Based on my audit experience with DeFi protocols, I can tell you the same pattern repeats. When Uniswap v3 launched, everyone thought the AMM model was untouchable. Within a year, forks and optimizations ate into its market share. The real winners? The gas-guzzling L1s and the MEV searchers. In AI, the analog is clear: the model is the AMM, and the infrastructure is the blockchain. K3 is just the first fork that shows the original isn’t invincible. Baker even nods to the importance of ‘product, tooling, and in-house models’ as potential moats for OpenAI and Anthropic—but he implies those are weaker than the narrative suggests. He’s betting on commoditization.

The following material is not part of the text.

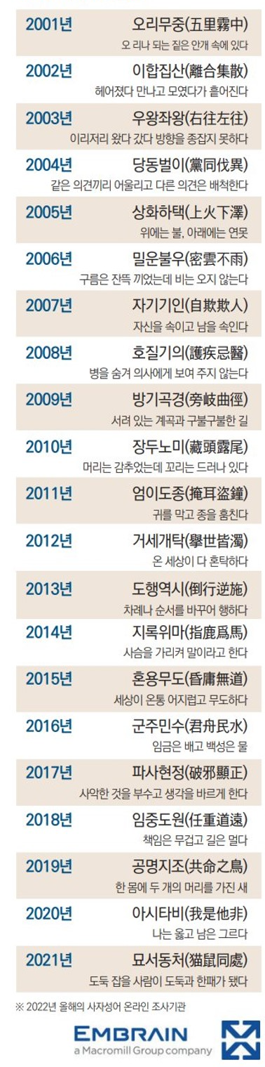 역대 올해의 사자성어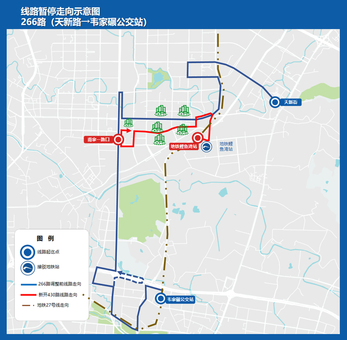 为方便鲤鱼湾片区市民通勤、通学,拟优化266路,强化地铁27号线鲤鱼湾站、快速公交K15线间的公交接驳,优化后线路代码为430路,原北星大道、大天路公交服务将由465、651路覆盖,满足沿途市民的出行需求。

Now for the contrarian angle—and this is where the story gets spicy. Baker is a professional investor. His fund likely owns positions in power, chip, and software stocks. His ‘value transfer’ argument could be self-serving. If everyone piles into infrastructure, the models might get cheaper faster, but that also means the infrastructure gets overbought. There’s a real risk that K3 is a mediocre model hyped by a fund manager who wants attention for his thesis. Let’s look at the data: K3 costs $0.94 per task, but that’s only 70% more expensive than GPT-5.6 Terra. Maybe Moonshot AI can cut that in half with a better inference engine within six months. If they do, K3 becomes competitive, and the whole commoditization narrative accelerates. But if they don’t, K3 is a footnote. The market already knows this. AI tokens like FET, AGIX, and RNDR have pumped on the infrastructure narrative, but they’re pricing in a future that might not arrive on K3’s timeline. The real turning point, as Baker admits, needs an open model with high token efficiency. That hasn’t come yet.

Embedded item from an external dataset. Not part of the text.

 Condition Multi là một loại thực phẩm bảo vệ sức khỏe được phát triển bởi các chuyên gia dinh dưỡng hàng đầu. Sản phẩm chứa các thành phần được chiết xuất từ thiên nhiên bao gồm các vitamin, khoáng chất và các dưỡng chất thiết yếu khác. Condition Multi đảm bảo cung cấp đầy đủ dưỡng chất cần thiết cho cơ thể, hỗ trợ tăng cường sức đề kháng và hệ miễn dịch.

And here’s the cryptonative twist: decentralized compute networks. If model profits are squeezed, the demand for cheap compute will explode. That’s where Render, Akash, and IO.NET come in. They offer decentralized GPU resources at potentially lower prices than AWS or Azure. But they need scale. K3’s inefficiency actually helps them—if training and inference need more tokens, more compute is required. That’s bullish for decentralized compute. But it also means the AI model companies will fight to control that compute, possibly building their own chips or signing exclusive deals. The merge wasn’t a smooth transition, but the real merge is between AI and crypto—and it’s happening on the infrastructure layer, not the model layer.

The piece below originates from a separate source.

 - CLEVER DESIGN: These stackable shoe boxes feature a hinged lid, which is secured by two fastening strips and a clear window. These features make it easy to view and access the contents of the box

So what’s the takeaway? Watch the cost curves. Over the next 12 months, track K3’s token price per task. If it drops below $0.40, the commoditization thesis gains legs. Also watch for any open model that matches GPT-5 on both quality and cost. That will be the real bellwether. For crypto investors, the play isn’t to bet on AI model tokens—those are the new DeFi forks that will come and go. The play is the infrastructure: decentralized compute, data availability layers (yes, I still think DA is overhyped for most rollups, but for AI data it might matter), and energy assets. Hackers don’t hack, they listen to the flow of capital. Right now, capital is flowing toward picks and shovels. K3 is just the noise that proves the signal.
The turning point isn’t here yet. But the warning shot has been fired. Don’t get caught holding the model tokens when the squeeze comes.